▶ _DATA SECTION_:
-=-=-
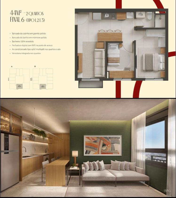 Apartamentos de 2 Quartos: Opções de 44m² a 51m².
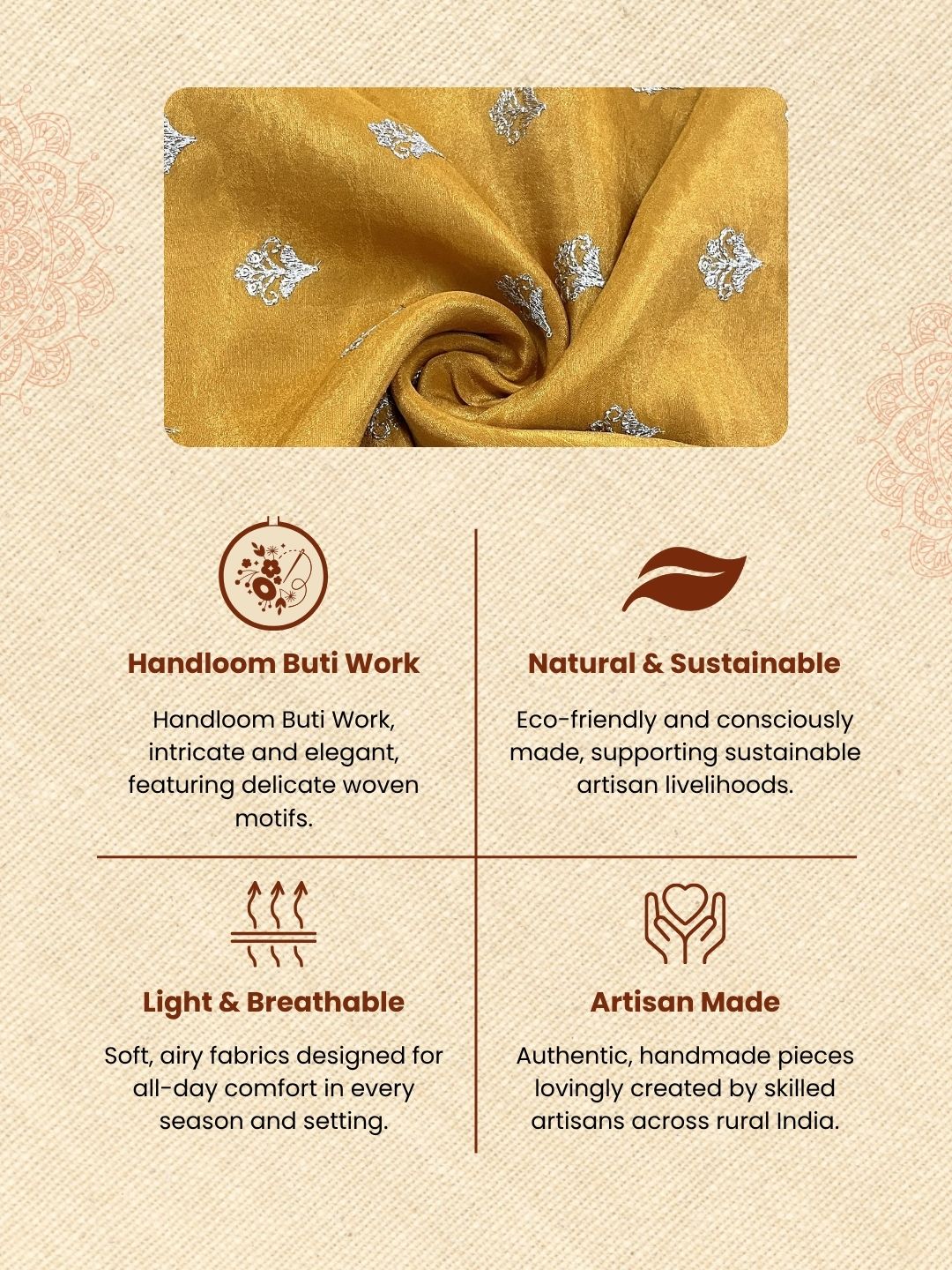 **Handloom Buti Work** refers to a traditional weaving technique where small, intricate motifs called *butis* are handwoven into the fabric using a handloom. Each buti is created with precision using threads of silk, cotton, or zari, resulting in elegant patterns that add depth, texture, and cultural richness to the textile.
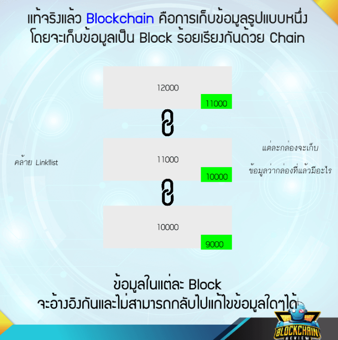 ปกติถ้าเกิดลองให้เราคิดไป สมมติว่าใน database อันนึงเราจะเก็บข้อมูลเป็นแถว ใช่มั้ยครับเป็นแถว ถ้าเกิดใครเคยเล่นโปรแกรม Excel มันจะเป็นแบบนั้นเลยเป็นแถวเป็นตารางเรียงลงมา ถ้าเกิดคนที่เรียนคอมพิวเตอร์ก็จะรู้หน่อยว่าระบบ database ที่ใช้เป็น sql เป็นยังไงนะครับ ทีนี้พอมาถึงเป็น Blockchain เขาบอกว่าเราจะเก็บข้อมูลเป็น Block และอ้างอิงกันด้วย chain เราถึงเรียกว่า Blockchain นะครับ
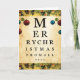 Vintage style Christmas greeting card in eye chart format with holly border.
-=-=-
In the reply, each line of the data must appear exactly as written, and no picture may appear.

 Apartamentos de 2 Quartos: Opções de 44m² a 51m².
 **Handloom Buti Work** refers to a traditional weaving technique where small, intricate motifs called *butis* are handwoven into the fabric using a handloom. Each buti is created with precision using threads of silk, cotton, or zari, resulting in elegant patterns that add depth, texture, and cultural richness to the textile.
 ปกติถ้าเกิดลองให้เราคิดไป สมมติว่าใน database อันนึงเราจะเก็บข้อมูลเป็นแถว ใช่มั้ยครับเป็นแถว ถ้าเกิดใครเคยเล่นโปรแกรม Excel มันจะเป็นแบบนั้นเลยเป็นแถวเป็นตารางเรียงลงมา ถ้าเกิดคนที่เรียนคอมพิวเตอร์ก็จะรู้หน่อยว่าระบบ database ที่ใช้เป็น sql เป็นยังไงนะครับ ทีนี้พอมาถึงเป็น Blockchain เขาบอกว่าเราจะเก็บข้อมูลเป็น Block และอ้างอิงกันด้วย chain เราถึงเรียกว่า Blockchain นะครับ
 Vintage style Christmas greeting card in eye chart format with holly border.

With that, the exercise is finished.